Prompt:
Every entry below should be repeated exactly; the pictures should not.

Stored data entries
----
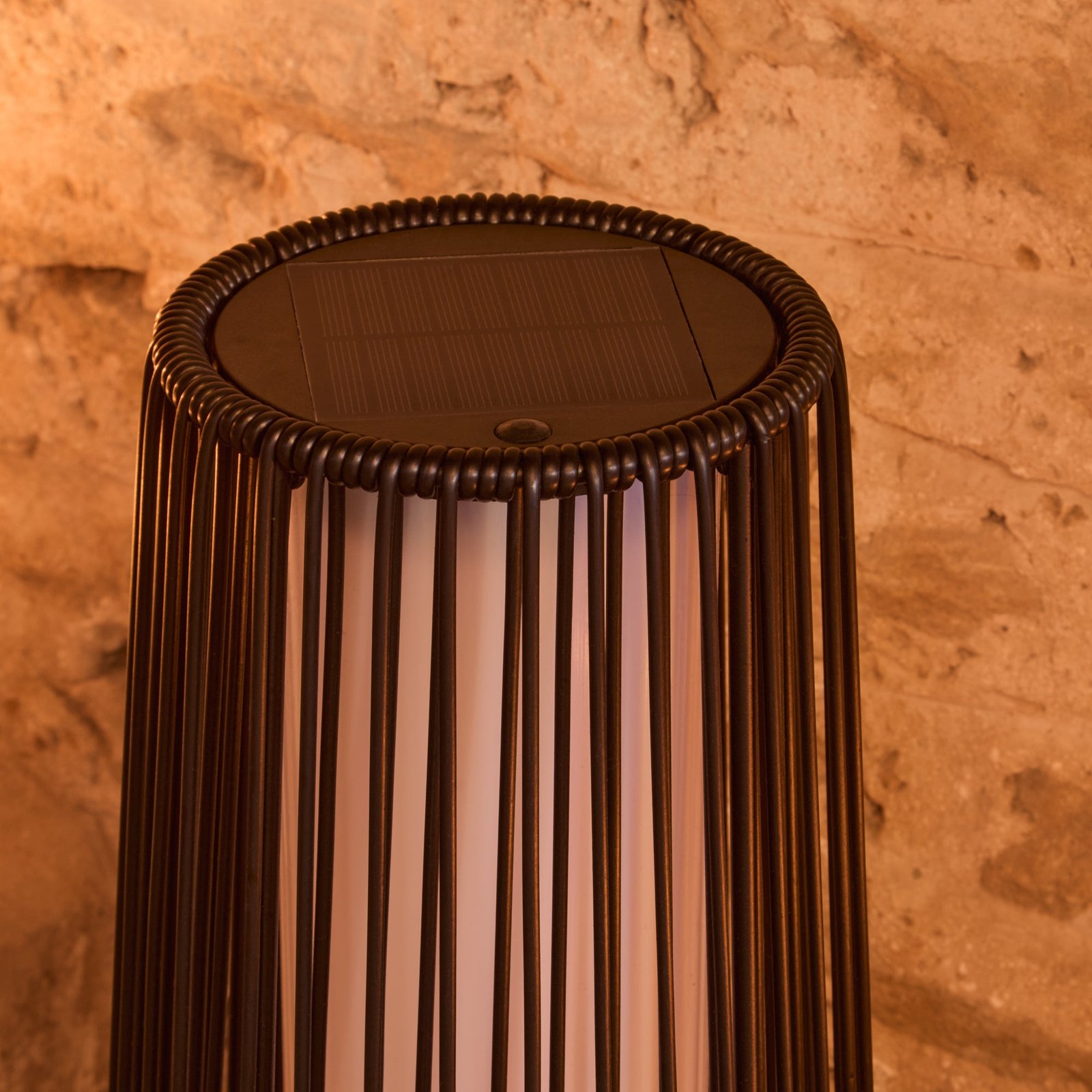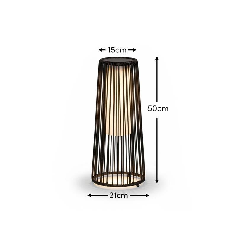 - Design features – 50cm Cylindrical black slatted solar lantern.
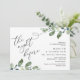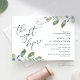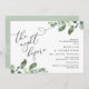 Hermoso diseño romántico moderno, en eucalipto deja color de agua verde temática, Boda de la cena y tarjeta de invitación a bailar (La noche anterior). Esto es perfecto para su fiesta de celebración de la cena de ensayo boda. Añadir los detalles de la celebración. Teesha Derrick
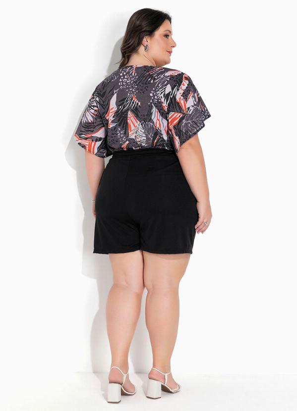 Marguerite - Blusa Animal Print Cinza com Mangas Plus Size
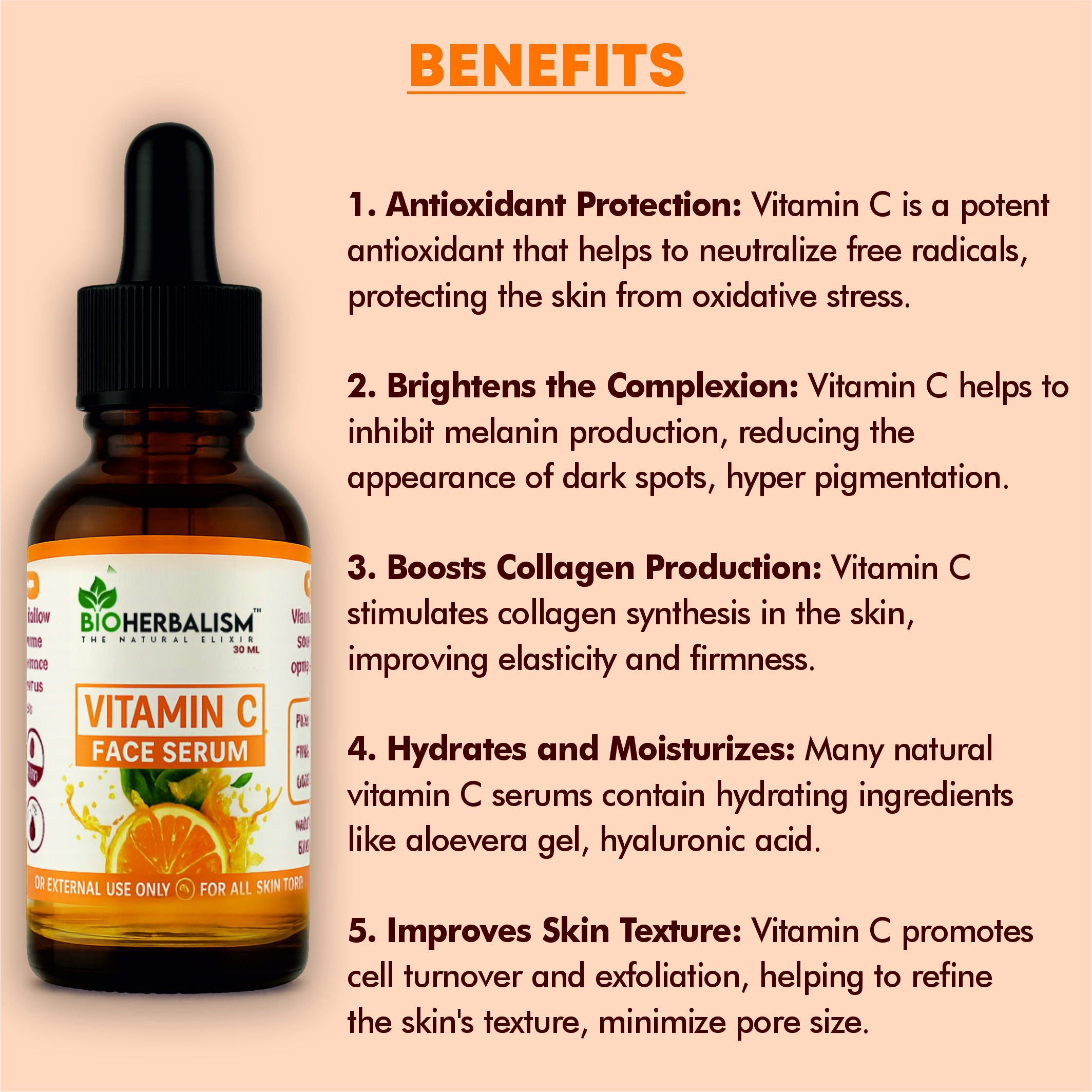 - Promotes Overall Skin Health: Regular use of a natural vitamin C face serum can help to promote overall skin health by providing essential nutrients, hydration, and antioxidant protection, resulting in a healthier and more vibrant complexion.
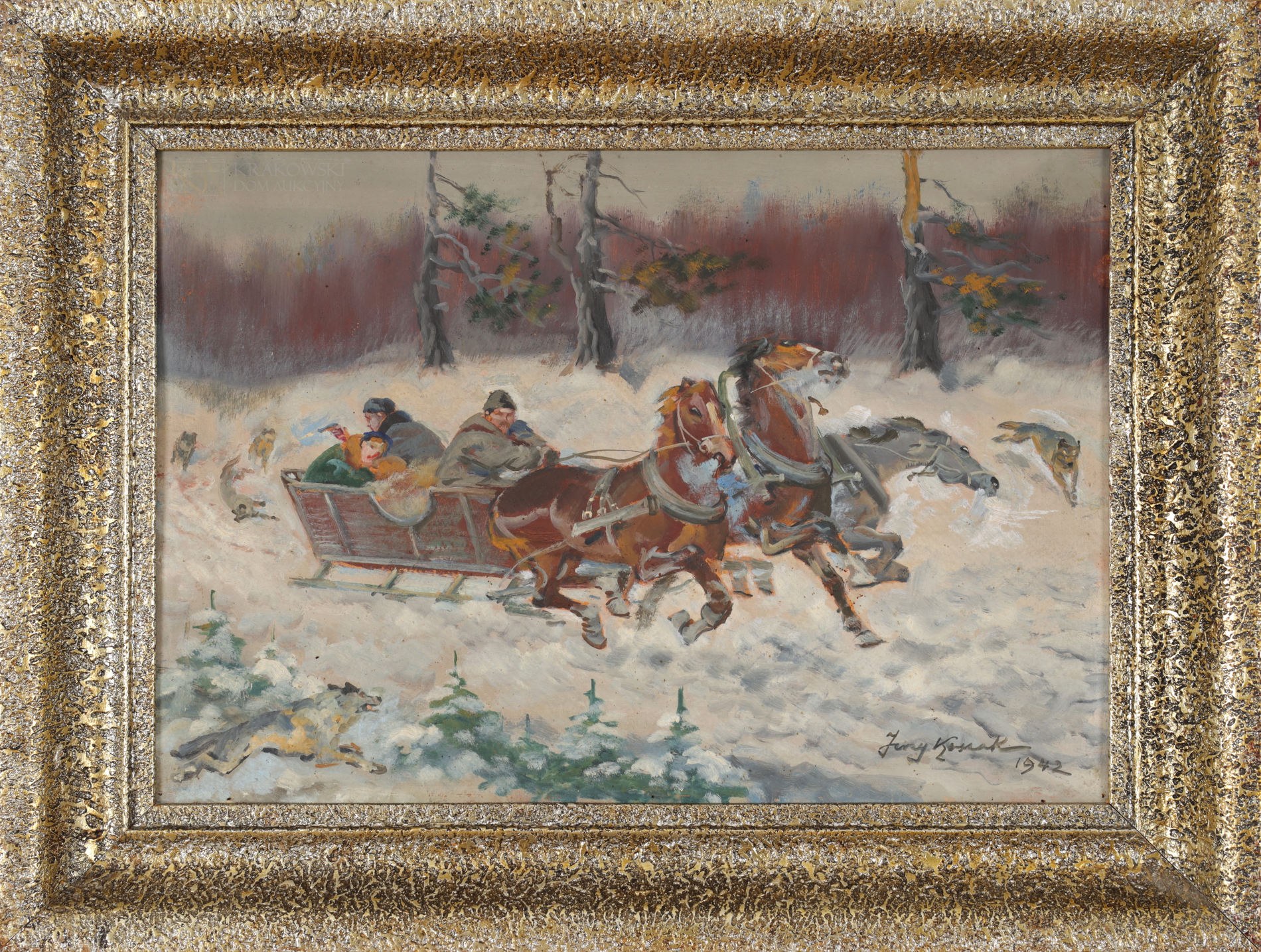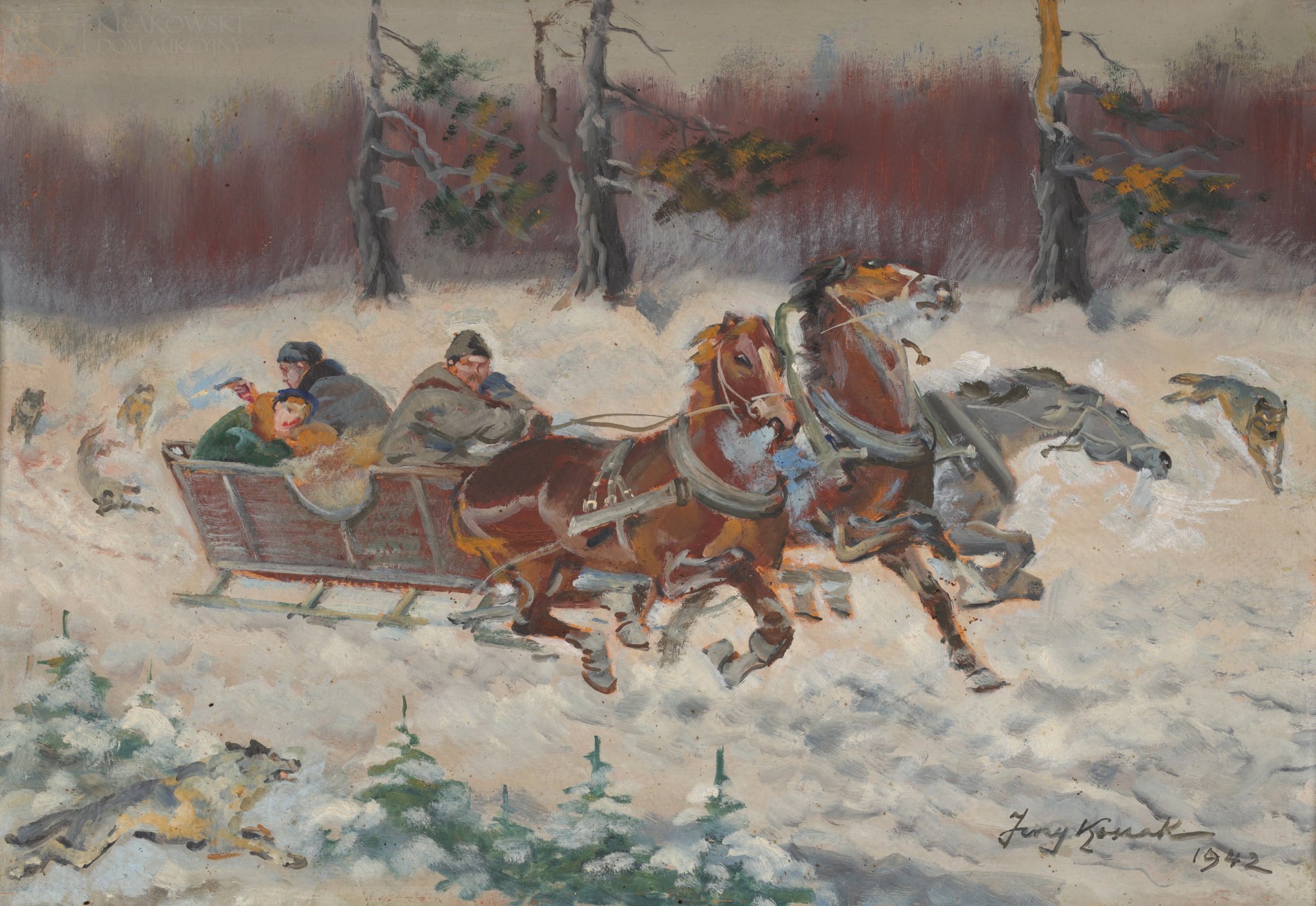 Sygnowany i datowany p.d.: "Jerzy Kossak | 1942"
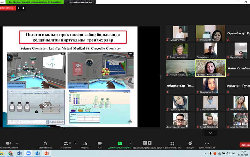 On May 12-13, 2021, a final online conference of the pedagogical practice of 3rd and 4th year students of the specialties 5В011200-Chemistry, 5В011300-Biology, 5В011600-Geography was held. The online conference was attended by 3rd and 4th year students, methodologists-leaders of pedagogical practice, employees of the career development department of the institute. The event was held under the Zoom program.
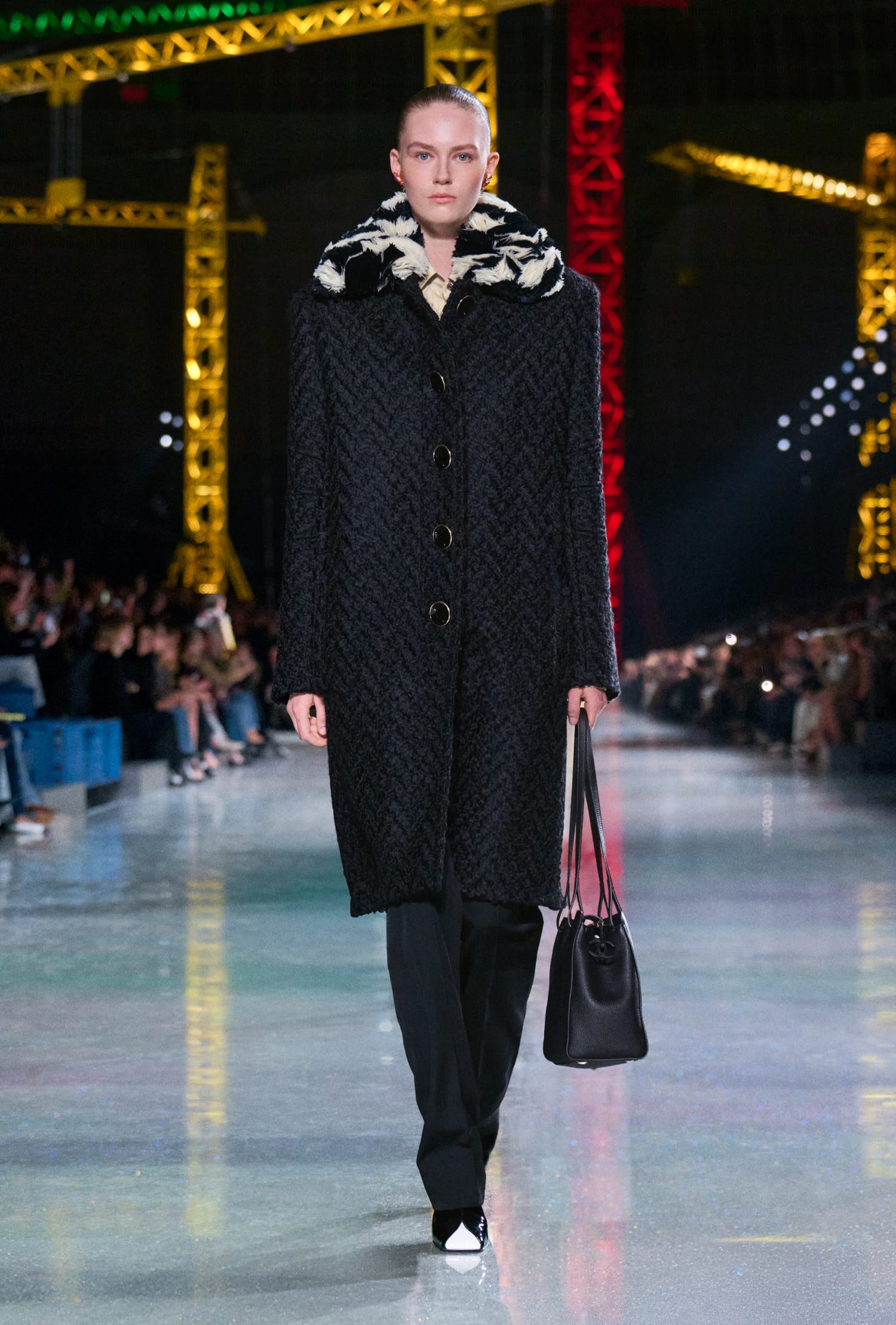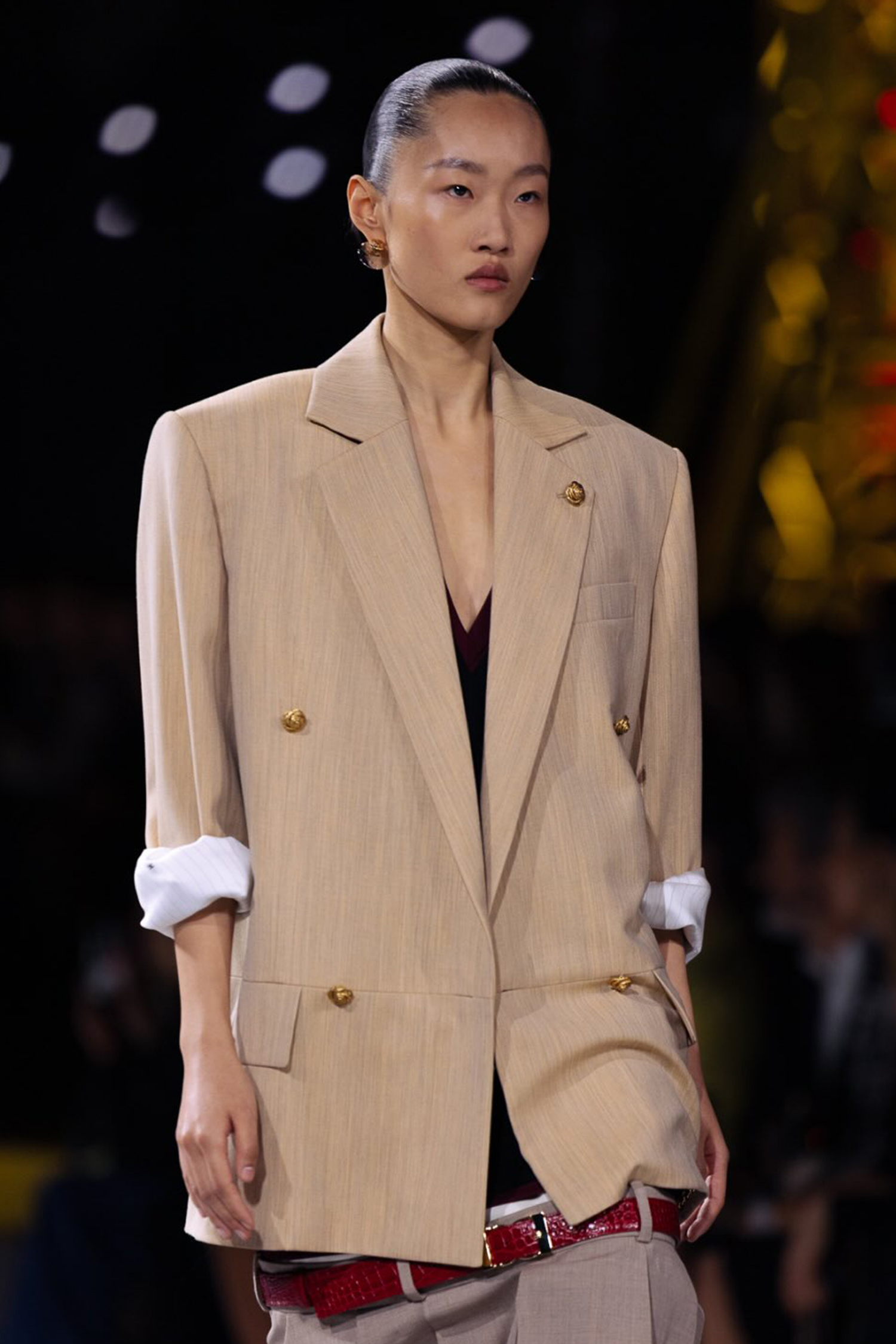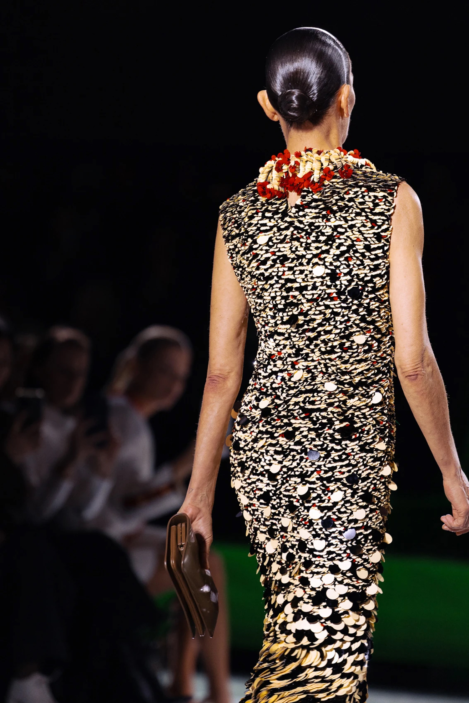 模特兒 Stephanie Cavalli 身著一件飾有金色鈕扣的黑色拉鍊針織衫作為開場,接續登場的工裝襯衫、飛行夾克、垂墜連身裙、袖子隨性捲起的寬肩西裝,以及換上針織布料重新演繹的經典套裝,Matthieu Blazy 用這些實穿的簡約日裝為起點,也作為「毛毛蟲」的比喻。
----
Result of this exercise:
 - Design features – 50cm Cylindrical black slatted solar lantern.
 Hermoso diseño romántico moderno, en eucalipto deja color de agua verde temática, Boda de la cena y tarjeta de invitación a bailar (La noche anterior). Esto es perfecto para su fiesta de celebración de la cena de ensayo boda. Añadir los detalles de la celebración. Teesha Derrick
 Marguerite - Blusa Animal Print Cinza com Mangas Plus Size
 - Promotes Overall Skin Health: Regular use of a natural vitamin C face serum can help to promote overall skin health by providing essential nutrients, hydration, and antioxidant protection, resulting in a healthier and more vibrant complexion.
 Sygnowany i datowany p.d.: "Jerzy Kossak | 1942"
 On May 12-13, 2021, a final online conference of the pedagogical practice of 3rd and 4th year students of the specialties 5В011200-Chemistry, 5В011300-Biology, 5В011600-Geography was held. The online conference was attended by 3rd and 4th year students, methodologists-leaders of pedagogical practice, employees of the career development department of the institute. The event was held under the Zoom program.
 模特兒 Stephanie Cavalli 身著一件飾有金色鈕扣的黑色拉鍊針織衫作為開場,接續登場的工裝襯衫、飛行夾克、垂墜連身裙、袖子隨性捲起的寬肩西裝,以及換上針織布料重新演繹的經典套裝,Matthieu Blazy 用這些實穿的簡約日裝為起點,也作為「毛毛蟲」的比喻。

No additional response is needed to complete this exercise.